The king named his son, the crown prince, as head of an anti-corruption committee established late on Saturday, hours before the arrests.

A Saudi government official said 11 princes and 38 others are being held in five-star hotels across the capital, Riyadh.

The scale of the arrests is unprecedented in Saudi Arabia, where senior royals and their business associates were seen as operating above the law. Saudi nationals have long complained of rampant corruption in government and of public funds being squandered or misused by people in power.

Shortly before the arrests, King Salman had ousted Prince Miteb bin Abdullah as head of the National Guard. The prince is reportedly among those detained in the sweep, as is his brother, Prince Turki bin Abdullah, once governor of Riyadh. Both are sons of the late King Abdullah, who ruled before his half brother King Salman.
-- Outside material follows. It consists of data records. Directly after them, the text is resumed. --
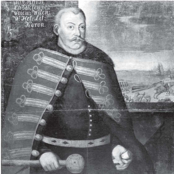
Jonas Karolis Chodkiewicz (1560–1621). Paveikslas saugomas Kretingos Viešpaties Apreiškimo Švč. Mergelei Marijai bažnyčioje.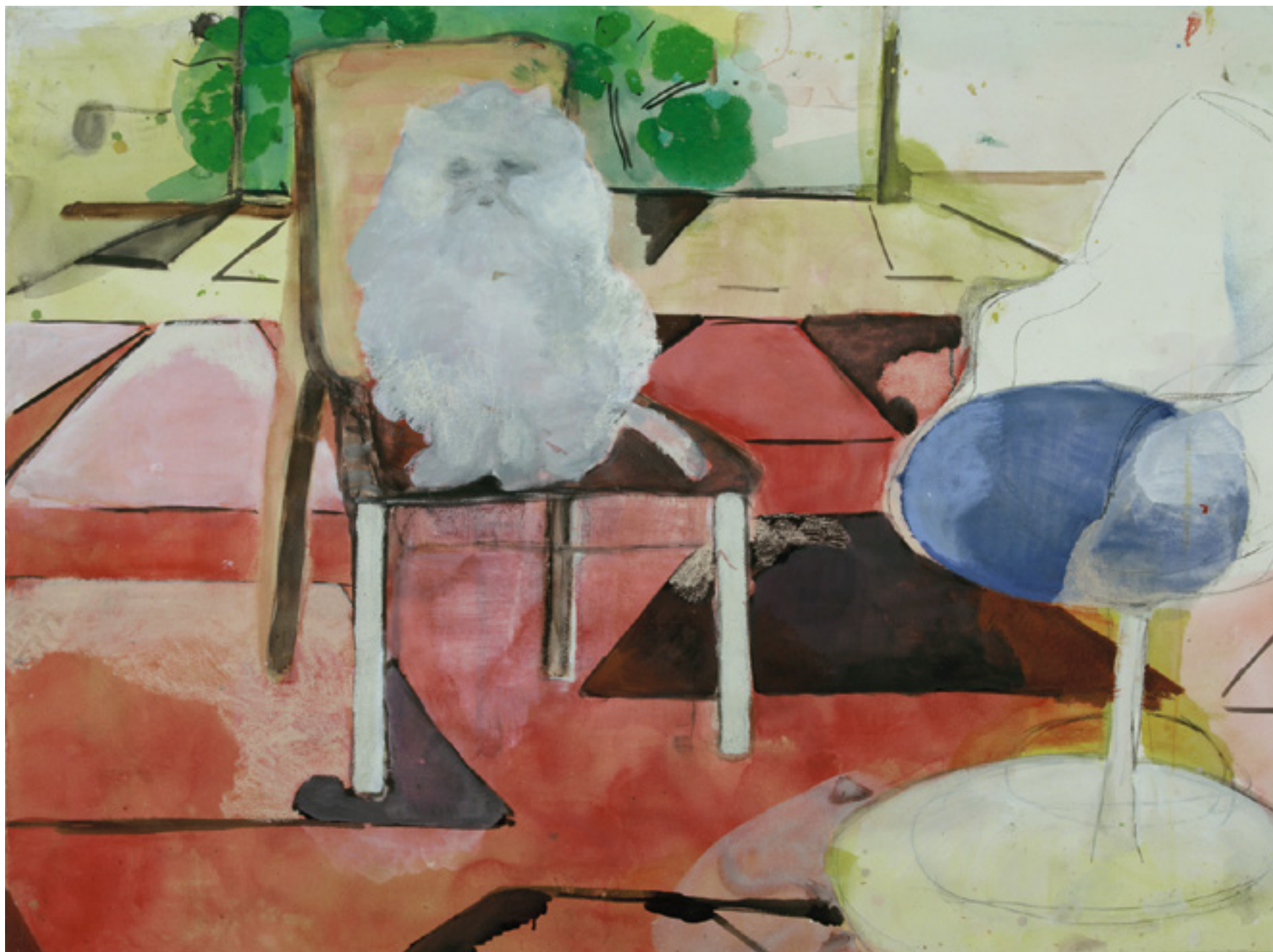
Moderno 2008 -- técnica mista sobre papel/mixed media on paper -- 114 x 147 cm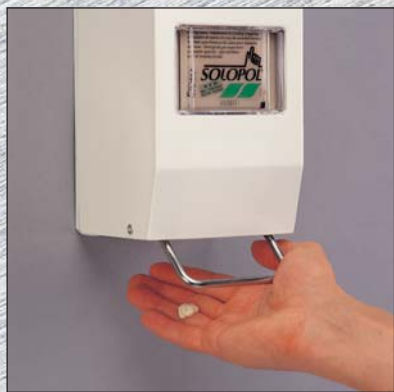
Le distributeur est prêt à l'emploi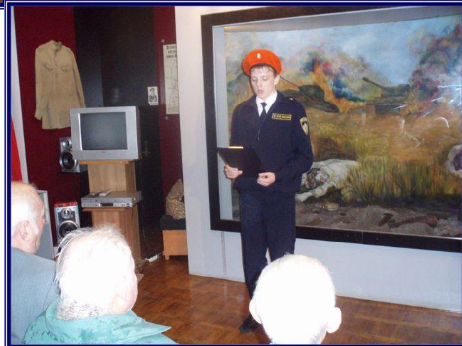
Выступление с докладом «Роль школьных музеев в патриотическом воспитании молодёжи» в Красногвардейском краеведческом музее на встрече с ветеранами Великой Отечественной войны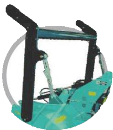
Механічна/гідравлічна регульована рамка

СДВОЕННЫЕ, СМЕННЫЕ ПРОТИВОРЕЖУЩИЕ ПЛАСТИНЫ ИЗ ИЗНОСОСТОЙКОГО МАТЕРИАЛА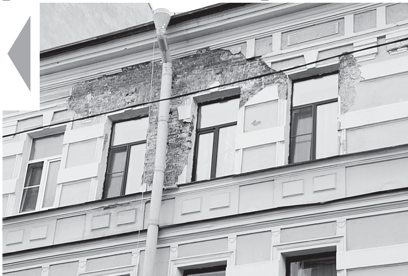
Фасад этого дома можно заметить издали.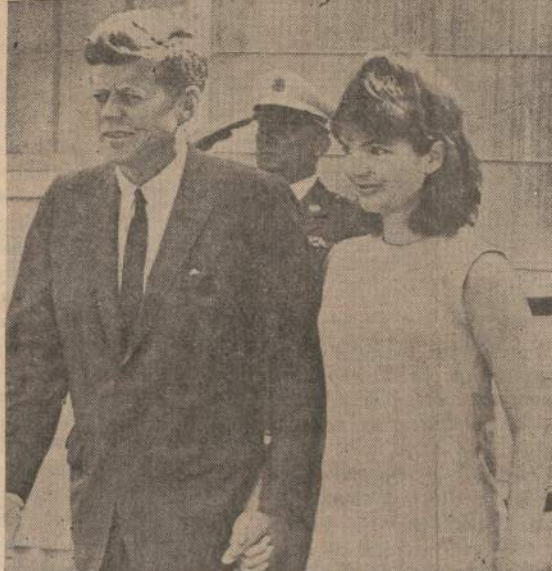
Prezidentas Kennedy išsiveda iš Otis Air Force bazės ligoninės savo žmoną, kuri praėjusią savaitę čia pagimdė sūnų, bet kokiis po dvių dienų mirė.

Jeį prez. Youlou nebūtų atsistatydinęs, būtų įvykęs didelis kraujo praliejimas.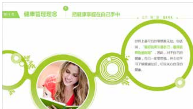
图 3-50 圆圈的应用 2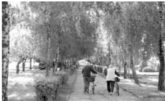
A zmizí také tato březová alej a japonské sakury, které jsou vlevo na této fotce. Radnice slibuje nové a zdravé stromy.

Anabáze jeho vzniku a zániku by vydala na několik stránek, v posledních týdnech se totiž objevili zastánci zrušení hřiště i jeho podporovatelé, stejně tak zastupitelstvo jednou odhlasova-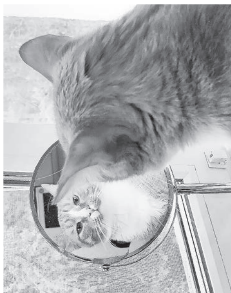
Глядя в зеркало

«...процесс бумажный очень сложный: Готовят массу, варят клей, Добавки разные мешают И на волшебную машину отправляют. И словно как по волшебству, Из этой смеси там бумагу получают».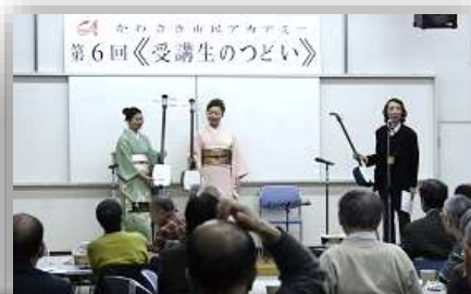
和の音楽を楽しむ～トーク&三味線コンサート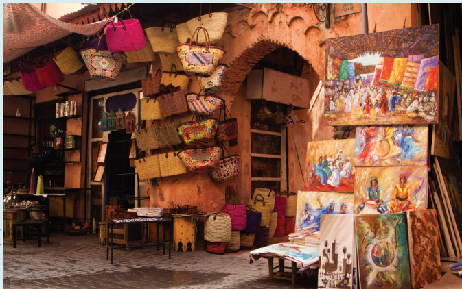
Sklepy z wyrobami rzemieślniczymi

Zanurzenie się w kulturze gnawa przez muzykę i sztukę z As-Suwajry, które oddają niezwykłą atmosferę dawnego Mogadoru. W fascynującej sztuce, bliższej abstrakcji, mieszają się wpływy lokalne i tradycje berberyjskie (zob. s. 88, 89).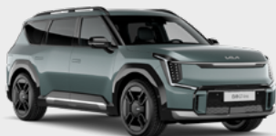
Ocean Blue Kleurcode: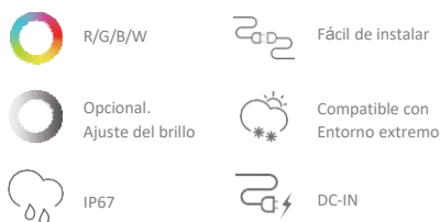
Tabla de parámetros.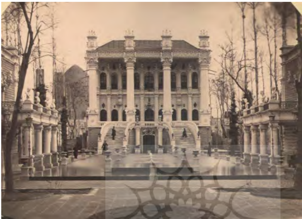
تصویر ۵: خانه شهری معیرالممالک، سنگلج، اواخر ناصری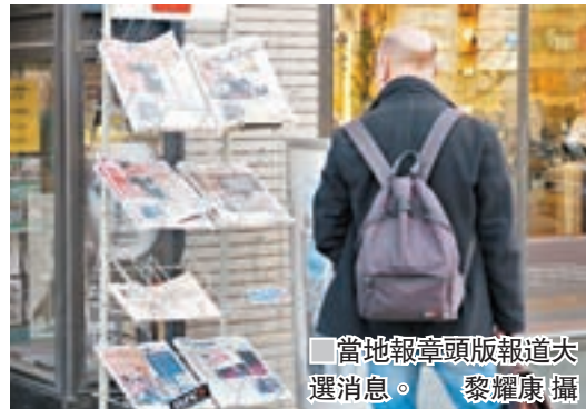
當地報章頭版報道大選消息。

出難民分配制度，加劇成員國間的分裂。在這兩項爭議中，左翼政黨往往出於理念，提倡接納及鼓勵移民，並繼續推動一體化，予人「不吃人間煙火」的印象，失去中間選民支持。 受債務問題困擾的歐盟提出嚴守財政紀律，下令成員國削減，一度令反對緊縮、支持福利政策的左翼受惠。然而左翼上台後過於內政和外交壓力，繼續推行緊縮政策，令選民失望。荷蘭以至歐洲中間偏左政黨的前路，恐怕會在右派及激進左派夾擊下，益發舉步維艱。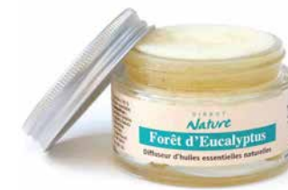
Diffuseur Eponge ZEN DIFE184 10,90€

Redécouvrez les recettes de nos grands-mères pour lutter contre les coups de froid et le nez qui coule. Composition : Cajeput, Pin de Sibérie, Eucalyptus, Niaouli, Ravintsara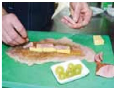
Відбити м'ясо, посипати спеціями, нарізати товстою соломкою шинку і сир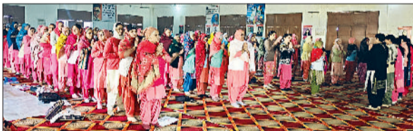
उचाना। प्रशिक्षण शिविर में हिस्सा लेते आंगनवाड़ी कार्यकर्ता।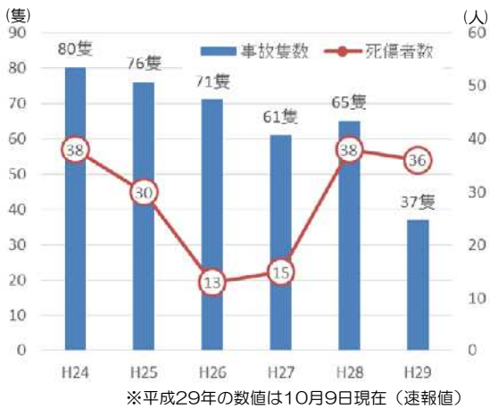
【遊漁船の事故隻数と死傷者数の推移】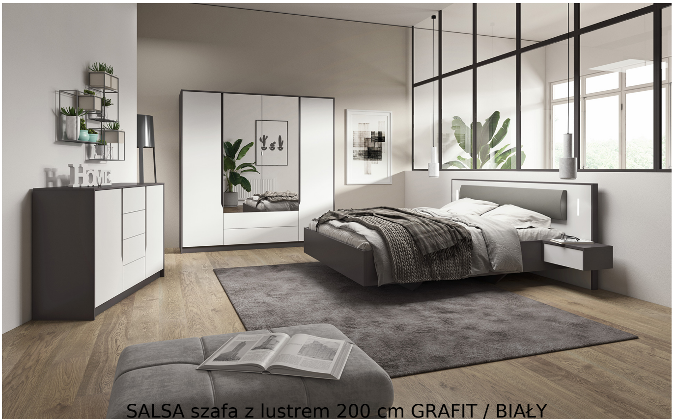
SALSA szafa z lustrem 200 cm GRAFIT / BIAŁY

Nowoczesna szafa 4-drzwiowa z lustrem należąca do systemu SALSA. Kolekcja do sypialni Salsa to odważne wzornictwo w kontrastowej kolorystyce. Stwórz sypialnię z pomysłem i ciesz się oryginalną, nowoczesną przestrzenią. Meble wykonane z wysokiej jakości płyty, listwy z płyty MDF, korpus oklejony obrzeżem ABS. Meble pakowane w paczki, do samodzielnego montażu. Do kompletu dołączona przejrzysta instrukcja montażu. Produkt w 100% polski.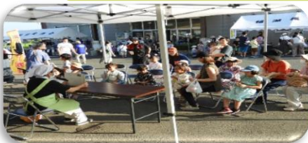
食改善さんによる読み聞かせにぎわってる様子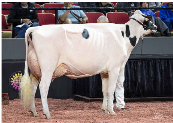
WALNUTLAWN LAMBDA BEYONCE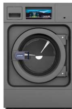
LAVADORA PROFESIONAL AGUA CALIENTE (0,75 kW) WPR-10 ET2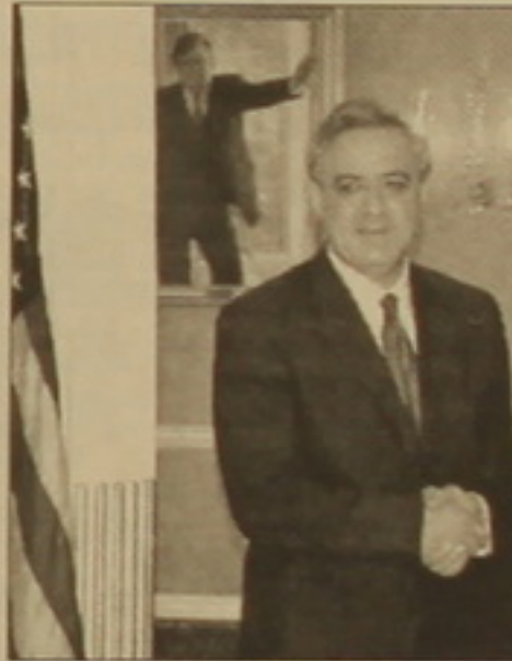
Վարդան Օսկանյանը Զոլին Փաուելի հետ:

ԵՐԵՎԱՆ, 15 ՅՈՒՆԻՍ, ԱՐՄԵՆԿՈՐԵՍ: Երկու ամիս առաջ Վարդանյանի այցով ԱՄՆ-ում գտնվող ԳԳ ԱԳ նախարար Վ. Օսկանյանը հունիսի 14-ին հանդիպել է ԱՄՆ ղեկավարող Զոլին Փաուելի հետ: Կայանալիք ՆԱՏՕ-ի զագաթաժողովին եւ Լեռնային Ղարաբաղի հակամարտության կարգավորմանն առնչվող հարցեր: Այցի ընթացքում նախարար Օսկանյանը հանդիպումներ է ունեցել

Prince Miteb was once a contender for the throne.

Saudi Twitter accounts released several other arrests: Alwalid al-Ibrahim, a Saudi businessman with ties to the royal family who runs the Arabic satellite group MBC; Amr al-Dabbagh, the former head of the Saudi Arabian General Investment Authority; Ibrahim Assaf, the former finance minister; and Bakr Binladin, head of the Saudi Binladin Group, a major business conglomerate.

“The dismissals and detentions suggest that Prince Mohammed rather than forging alliances is extending his iron grip on the ruling family, the military, and the national guard to counter what appears to be more widespread opposition within the family as well as the military to his reforms and the Yemen war,” James M Dorsey, a Gulf specialist, said.

Saudi Arabia said late on Saturday it intercepted a ballistic missile fired from Yemen at Riyadh International Airport. The crown prince, as defence minister, oversees the stalemated war against Yemen’s Iranian-allied rebels.

The Finance Ministry said the anti-corruption probe “opens a new era of accountability”, enhances the rule of law and improves the kingdom’s investment climate.

It is not clear what Prince Alwaleed or others are being investigated for. The Saudi-owned Al-Arabiya news channel said the anti-corruption probe was looking into the response to flooding in Jiddah that killed around 120 people in 2009 and devastated the city again in 2011, and the government’s handling of a Coronavirus outbreak that killed several hundred in recent years.

Prince Alwaleed’s investments include Twitter, Apple, Rupert Murdoch’s News Corp, Citigroup, and the Four Seasons, Fairmont and Movenpick hotel chains.

The kingdom’s top council of clerics said it was an Islamic duty to fight corruption - essentially giving religious backing to the arrests. A top royal court official, Barr al-Asaker, tweeted about a “historic and black night against the corrupt”. The anti-graft body can issue arrest warrants and freeze bank accounts.